Please output the line containing "赤い丸印で囲っている部分「オンライン講習会の日程を検索」をクリックします。" and all lines that follow it in the data below, exactly, with no pictures.

**Source material:**
* * *

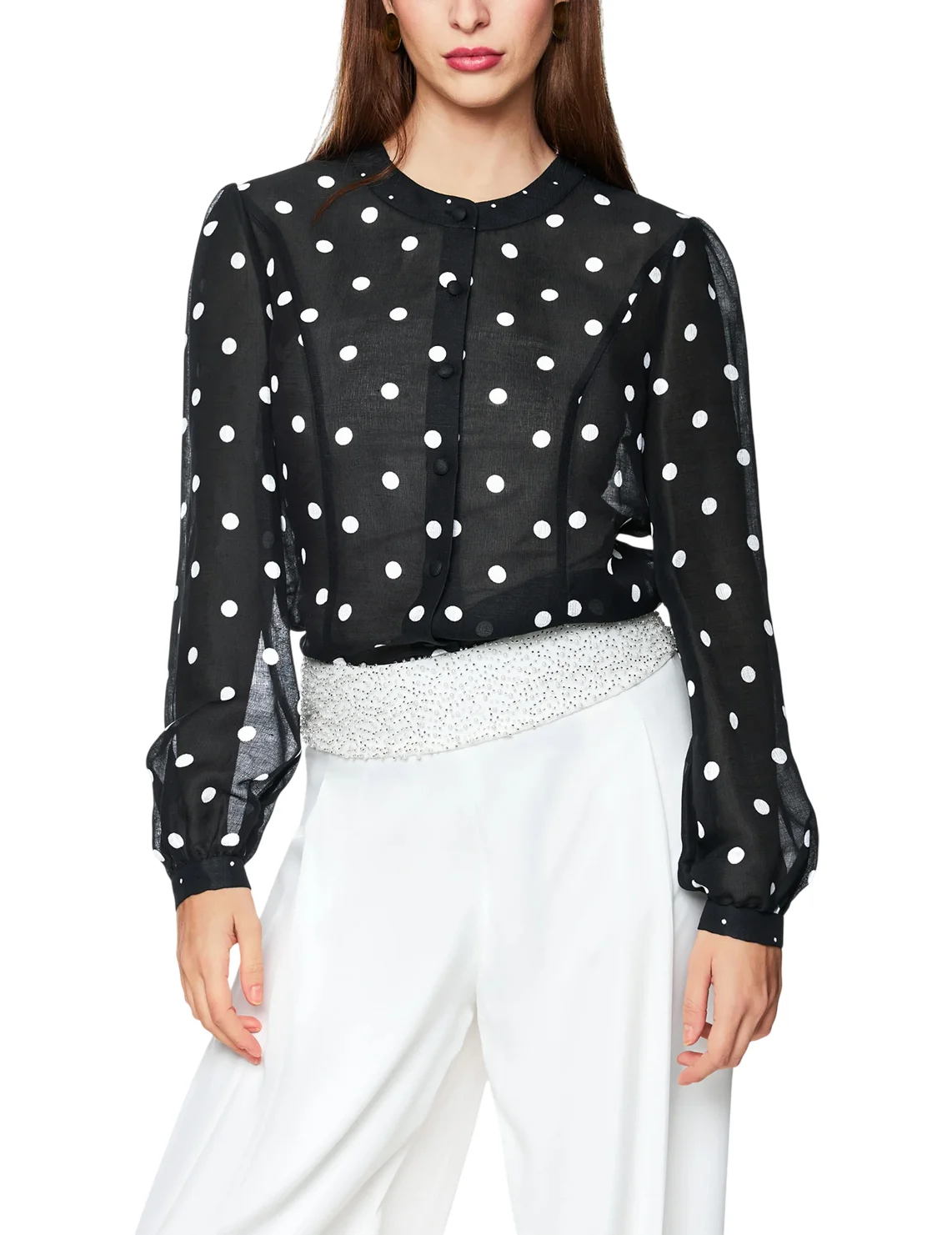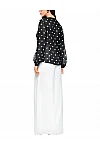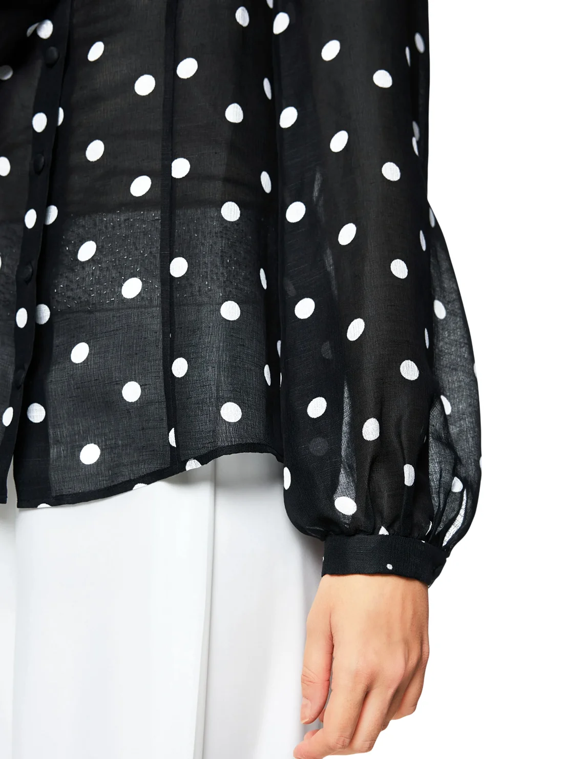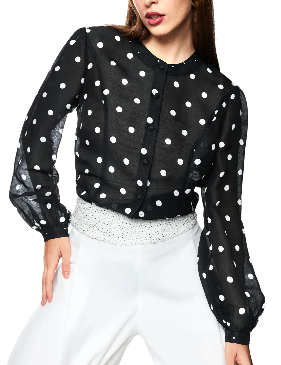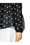 Напівпрозора блуза виготовлена з льону та шовку високої якості. Модель виконана в приталеному крої. Має круглий виріз горловини, планку з ґудзиками та довгі рукави з манжетами. Декорована принтом у горошок.
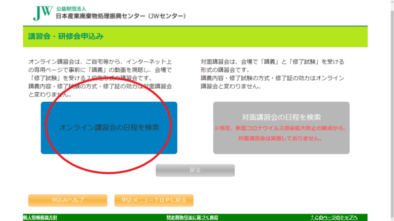 赤い丸印で囲っている部分「オンライン講習会の日程を検索」をクリックします。
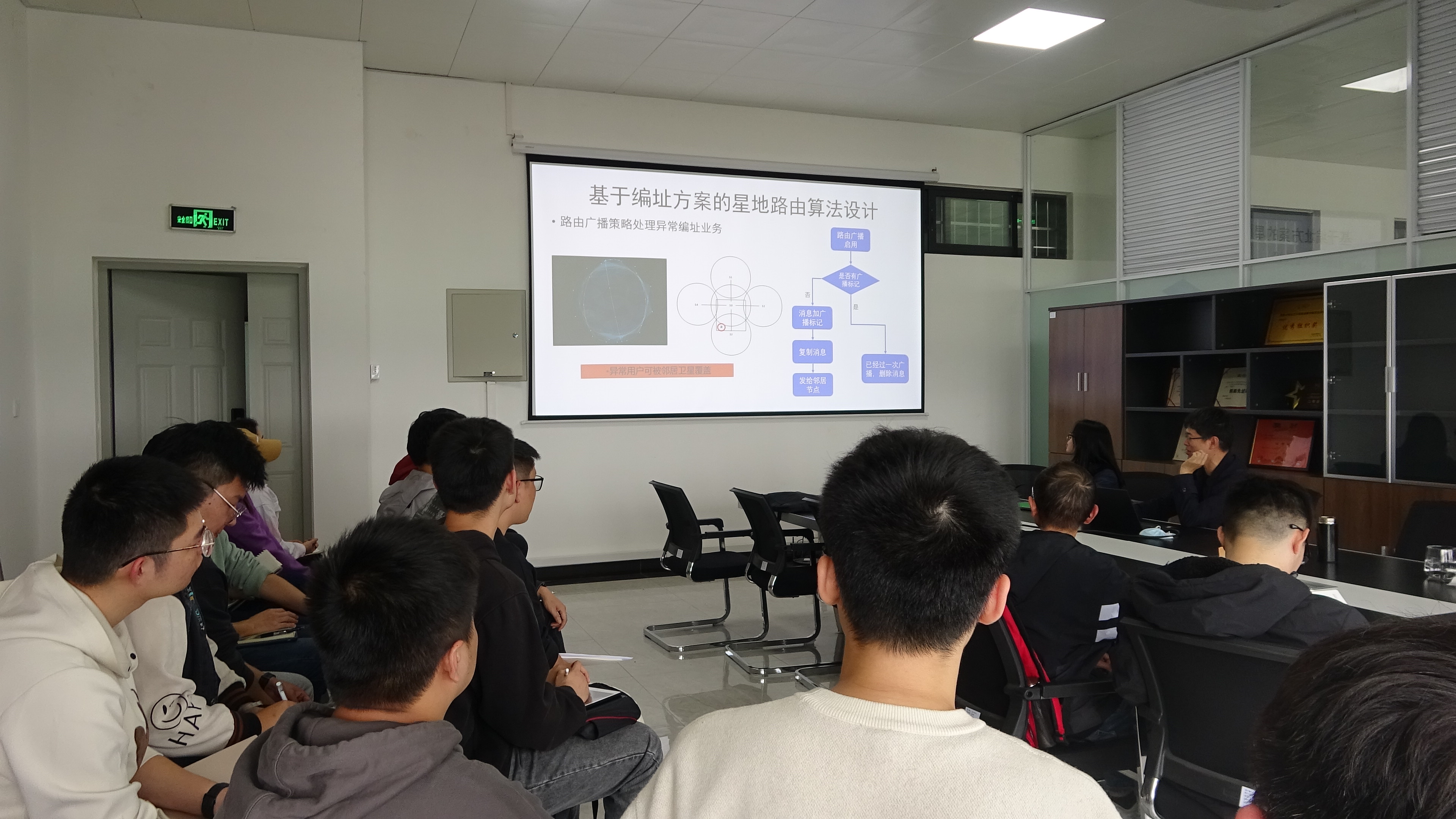 卫星移动中信息传递的中断原因、移动中卫星对于地球投影覆盖的最优图形、构建模型所用到的数学公式等,都让在场的研究生们大开眼界。特别是张教授在展示计算机仿真及仿真结果时,通过结果分析和实验平台验证来解决问题,师生们都热情高涨,对于张教授解决问题的思路和方法都表示获益良多。

* * *

**Output of the task:**
 赤い丸印で囲っている部分「オンライン講習会の日程を検索」をクリックします。
 卫星移动中信息传递的中断原因、移动中卫星对于地球投影覆盖的最优图形、构建模型所用到的数学公式等,都让在场的研究生们大开眼界。特别是张教授在展示计算机仿真及仿真结果时,通过结果分析和实验平台验证来解决问题,师生们都热情高涨,对于张教授解决问题的思路和方法都表示获益良多。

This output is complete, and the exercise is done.